Cyberattacks and other security breaches affecting, or significant interruptions to, information technology systems on which we rely could have an adverse effect on our business, operations and financial condition, including through harm to our reputation and exposure to liability.
In the ordinary course of our business, we collect, store, and transmit confidential information, including IP, proprietary business information, and personal information of customers, our employees, and contractors (collectively, “Confidential Information”). We also rely on computer systems, hardware, software, technology infrastructure, and online sites and networks for both internal and external operations that are critical to our business and the operation of our energy storage systems (collectively, “IT Systems”). We own and manage some of these IT Systems but also rely on third parties for a range of IT Systems and related products and services. We face numerous and evolving cybersecurity risks that threaten the confidentiality, integrity, and availability of our IT Systems and Confidential Information, including computer malware and viruses (e.g., ransomware), malicious code, misconfigurations, bugs or other vulnerabilities, physical or electronic break-ins, cyberattacks, phishing attacks and other social engineering schemes, employee theft or misuse, human error, fraud, denial or degradation of service attacks and attacks by sophisticated nation-state and nation-state-supported actors, terrorism, war, infrastructure changes and capacity constraints, telecommunication and electrical failures, and similar attacks or disruptions. Any of these could lead to interruption and delays in our services and operations and the loss, misuse or theft of Confidential Information.

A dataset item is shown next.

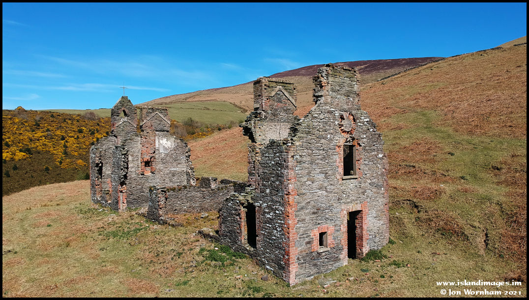 Glion Kiark slate quarry offices. The far end of the building that looks rather like a church, held a bell to ring the start and end of shifts and the 'cross' above is a lightning conductor.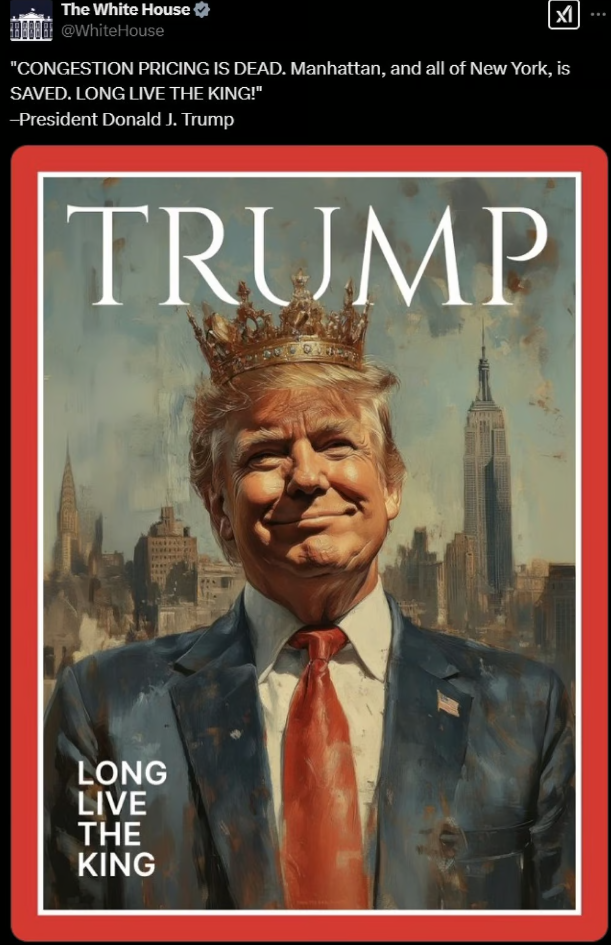 Ông Trump tuyên bố “Nhà vua muôn năm” để kết thúc một thông điệp trên mạng xã hội vào hôm thứ Tư trong tuần, nói rằng ông đã hủy bỏ kế hoạch của New York nhằm áp đặt mức phí tắc nghẽn cao nhất là 9 USD đối với ô tô đi vào phần lớn khu vực Manhattan đông đúc.

Such attacks against online networks have become more prevalent and there is an increased likelihood they may occur on our IT Systems or those of our third-party service providers in the future. Furthermore, because the techniques used to obtain unauthorized access to, or to sabotage, systems change frequently and often are not recognized until launched against a target, we may be unable to anticipate these techniques or implement adequate preventative measures. We may also experience security breaches that may remain undetected for an extended period. Even if identified, we may be unable to adequately investigate or remediate incidents or breaches due to attackers increasingly using tools and techniques—including artificial intelligence—that are designed to circumvent controls, to avoid detection, and to remove or obfuscate forensic evidence. Due to the political uncertainty involving Russia and Ukraine, there is an increased likelihood of an escalation of tensions that could result in cyberattacks or cybersecurity incidents that may either directly or indirectly impact our operations.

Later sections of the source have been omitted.